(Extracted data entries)
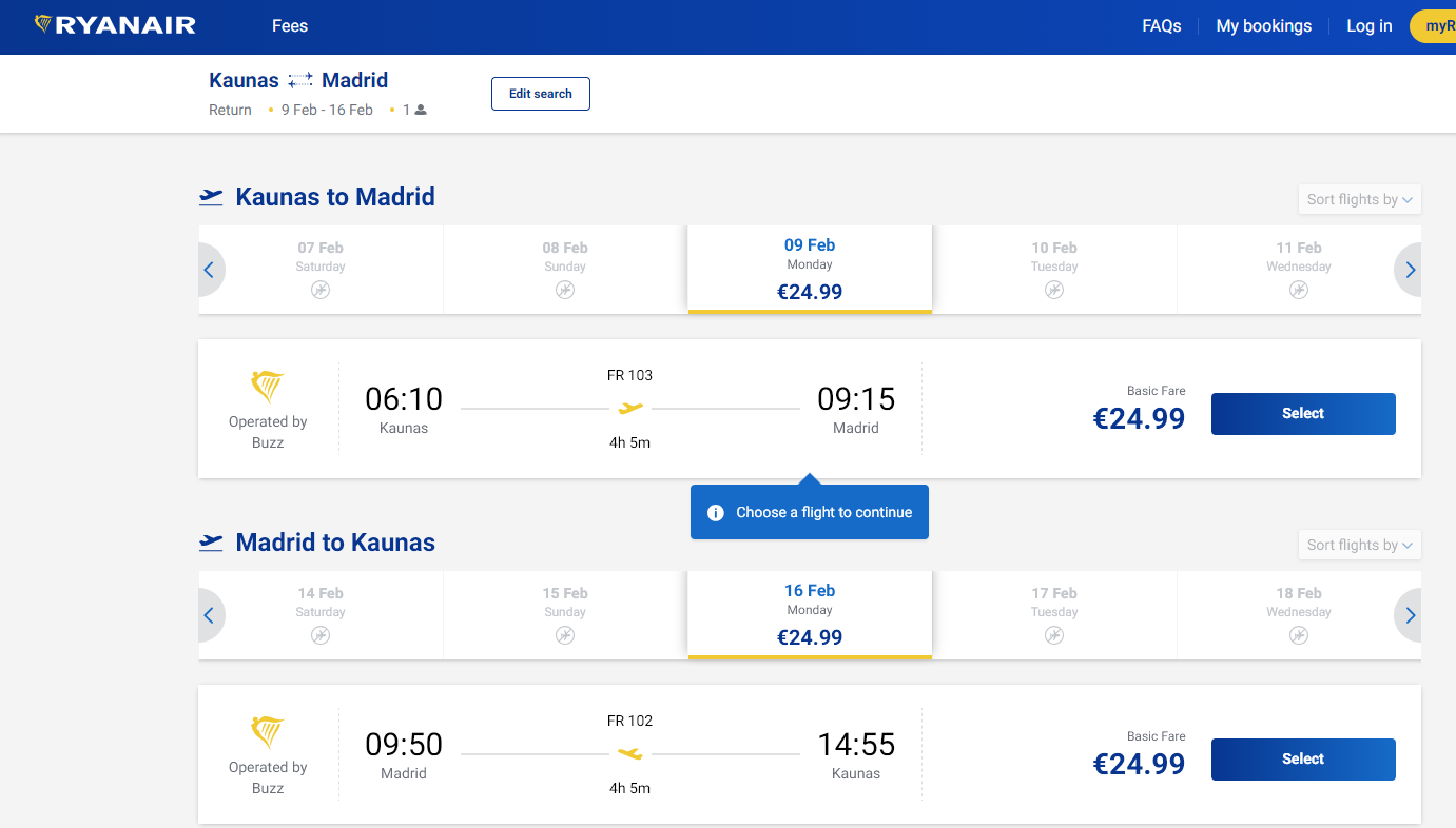 Šiuo metu esančią pigiausią skrydžio Kaunas – Madridas kainą, galite pasitikrinti čia: Kaunas Madridas ryanair skrydžiai
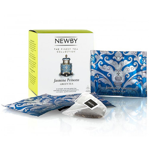 Зелений чай Newby Жасминова принцеса - це вишуканий чай з Китаю, ароматизований за допомогою білого жасмину. Оброблені листочки змішують з найніжнішими квітами, суміш просочується ароматами і ми отримуємо заварку з яскравим букетом жасминовим. Цей сорт тонко і солодко пахне жасмином, а також демонструє м'який, гармонійний смак із нотками трав та квіткового нектару. Кожна пірамідка упакована в індивідуальне саше із алюмінієвої фольги для збереження свіжості чайного листа.
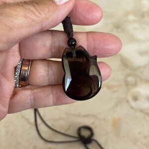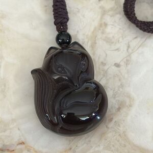 Hand Carved Engraving Natural Ice Obsidian Fox Empress Amulet pendant necklace made of 100% natural Ice obsidian gemstone.
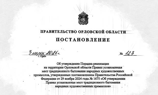 Региональное правительство утвердило порядок реализации на территории Орловской области правил установления мест традиционного бытования народных художественных промыслов (НХП).
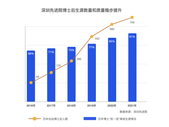 来自中国科学院深圳先进技术研究院(简称“深圳先进院”)的最新数据显示,截至2022年7月,该院十年来累计培养博士后1605人,其中2017年至2021年留深博士后人数近400人,相当于留深博士后中每5人中有1人来自该院,为鹏城科技事业发展输出了一批高质量人才。值得关注的是,该院出站博士后留深比例逐年提高,其中2021年的275位出站博士后中,超210人留深工作,到华为、腾讯、迈瑞等深企从事科研工作的博士后占比22%,留深博士后约占80%,高于全市平均水平。
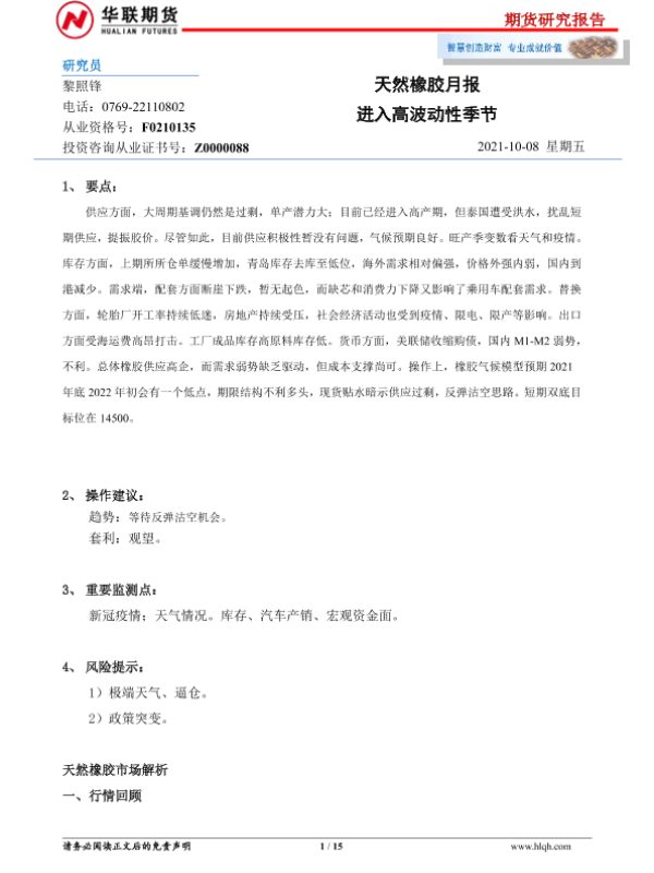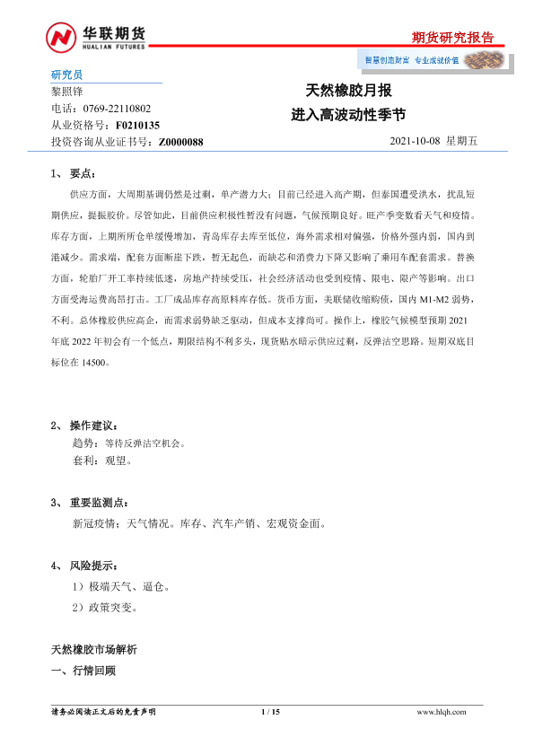 【华联期货】【20211008】天然橡胶月报:进入高波动性季节-15页
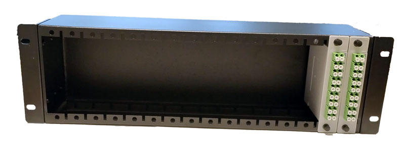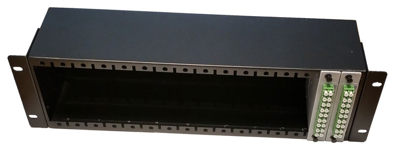 19" montáž do rozvaděče pro PLC splittery umožňuje bezkableovou organizaci PLC splitterů a zvýšení přehlednosti při instalacích.
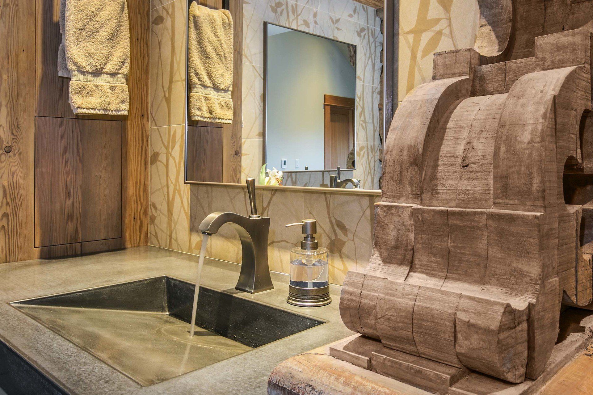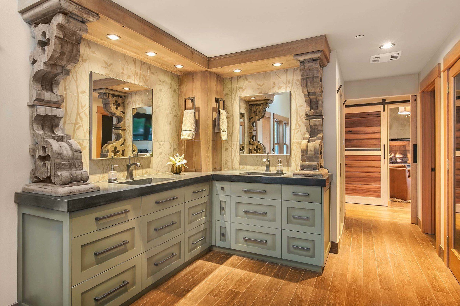 My clients had outgrown their builder’s basic home and had plenty of room to expand on their 10 acres. Working with a local architect and a talented contractor, we designed an addition to create 3 new bedrooms, a bathroom scaled for all 3 girls, a playroom, gymnasium, outdoor pool, tennis and basketball courts. Each child’s room was designed around their preference of color scheme and each girl has a unique feature that makes their room truly their own. The oldest daughter has a secret passage hidden behind what looks like built in cabinetry. The youngest daughter wanted to “swing”, so we outfitted her with a hanging bed set in front of a custom mural created by a Spanish artist. The middle daughter is an elite gymnast, so we added monkey bars so she can cruise her room in style. The girls’ bathroom suite has 3 identical “stations” with abundant storage. Cabinets in black walnut and peacock blue, white quartz countertops and an Opal white marble backsplash are durable and beautiful. Two shower stalls, designed with a colorful and intricate tile design, prevent bathroom wait times and a custom wall mural brings a little of the outdoors in.
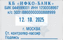 Размер поля: 58 х 37 мм, высота шрифта даты: 4 мм. Штемпельная подушка: синяя. Материал корпуса: металл, пластик.
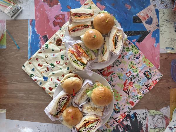 去年から通い始めたパン教室で教えて貰った、映えサンドイッチを、自分で焼いた食パンとバンズで、孫達と一緒に作りました。子供達も楽しそうに好きな具材選んで作ってました。
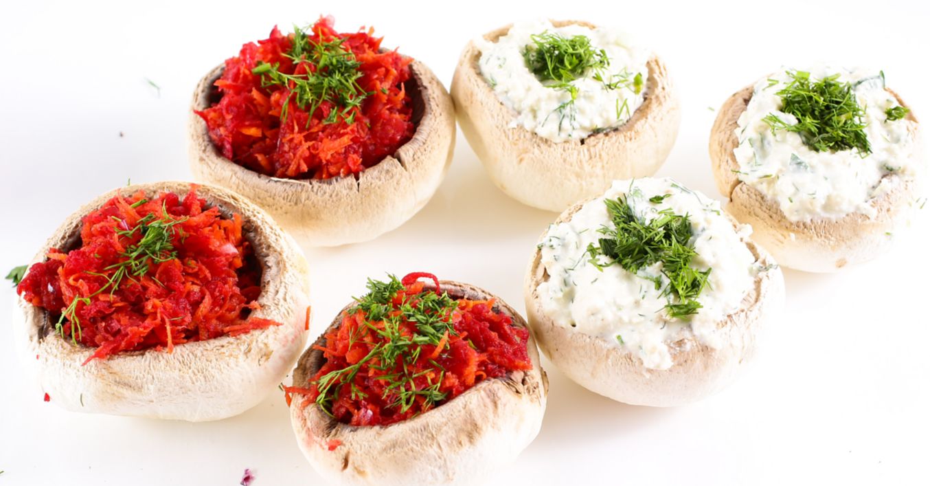 Ciuperci umplute cu brânză de caju și sfeclă roșie
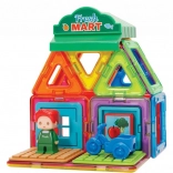 S sestavljanko Magformers Mestece Tržnica lahko po lastni domišljiji gradite različne arhitekturne zgradbe. Vsebuje 14 magnetnih oblik in 8 funkcionalnih dodatkov, vključno z majhno prodajalko, ki omogočajo ustvarjanje polodprtih prerezov, kjer so z ene strani vidne zunanje konture zgradbe, z druge pa notranja ureditev.

**Activity**
Retype the data above exactly; pictures are not part of the copy.

**Exercise response**
 Šiuo metu esančią pigiausią skrydžio Kaunas – Madridas kainą, galite pasitikrinti čia: Kaunas Madridas ryanair skrydžiai
 Зелений чай Newby Жасминова принцеса - це вишуканий чай з Китаю, ароматизований за допомогою білого жасмину. Оброблені листочки змішують з найніжнішими квітами, суміш просочується ароматами і ми отримуємо заварку з яскравим букетом жасминовим. Цей сорт тонко і солодко пахне жасмином, а також демонструє м'який, гармонійний смак із нотками трав та квіткового нектару. Кожна пірамідка упакована в індивідуальне саше із алюмінієвої фольги для збереження свіжості чайного листа.
 Hand Carved Engraving Natural Ice Obsidian Fox Empress Amulet pendant necklace made of 100% natural Ice obsidian gemstone.
 Региональное правительство утвердило порядок реализации на территории Орловской области правил установления мест традиционного бытования народных художественных промыслов (НХП).
 来自中国科学院深圳先进技术研究院(简称“深圳先进院”)的最新数据显示,截至2022年7月,该院十年来累计培养博士后1605人,其中2017年至2021年留深博士后人数近400人,相当于留深博士后中每5人中有1人来自该院,为鹏城科技事业发展输出了一批高质量人才。值得关注的是,该院出站博士后留深比例逐年提高,其中2021年的275位出站博士后中,超210人留深工作,到华为、腾讯、迈瑞等深企从事科研工作的博士后占比22%,留深博士后约占80%,高于全市平均水平。
 【华联期货】【20211008】天然橡胶月报:进入高波动性季节-15页
 19" montáž do rozvaděče pro PLC splittery umožňuje bezkableovou organizaci PLC splitterů a zvýšení přehlednosti při instalacích.
 My clients had outgrown their builder’s basic home and had plenty of room to expand on their 10 acres. Working with a local architect and a talented contractor, we designed an addition to create 3 new bedrooms, a bathroom scaled for all 3 girls, a playroom, gymnasium, outdoor pool, tennis and basketball courts. Each child’s room was designed around their preference of color scheme and each girl has a unique feature that makes their room truly their own. The oldest daughter has a secret passage hidden behind what looks like built in cabinetry. The youngest daughter wanted to “swing”, so we outfitted her with a hanging bed set in front of a custom mural created by a Spanish artist. The middle daughter is an elite gymnast, so we added monkey bars so she can cruise her room in style. The girls’ bathroom suite has 3 identical “stations” with abundant storage. Cabinets in black walnut and peacock blue, white quartz countertops and an Opal white marble backsplash are durable and beautiful. Two shower stalls, designed with a colorful and intricate tile design, prevent bathroom wait times and a custom wall mural brings a little of the outdoors in.
 Размер поля: 58 х 37 мм, высота шрифта даты: 4 мм. Штемпельная подушка: синяя. Материал корпуса: металл, пластик.
 去年から通い始めたパン教室で教えて貰った、映えサンドイッチを、自分で焼いた食パンとバンズで、孫達と一緒に作りました。子供達も楽しそうに好きな具材選んで作ってました。
 Ciuperci umplute cu brânză de caju și sfeclă roșie
 S sestavljanko Magformers Mestece Tržnica lahko po lastni domišljiji gradite različne arhitekturne zgradbe. Vsebuje 14 magnetnih oblik in 8 funkcionalnih dodatkov, vključno z majhno prodajalko, ki omogočajo ustvarjanje polodprtih prerezov, kjer so z ene strani vidne zunanje konture zgradbe, z druge pa notranja ureditev.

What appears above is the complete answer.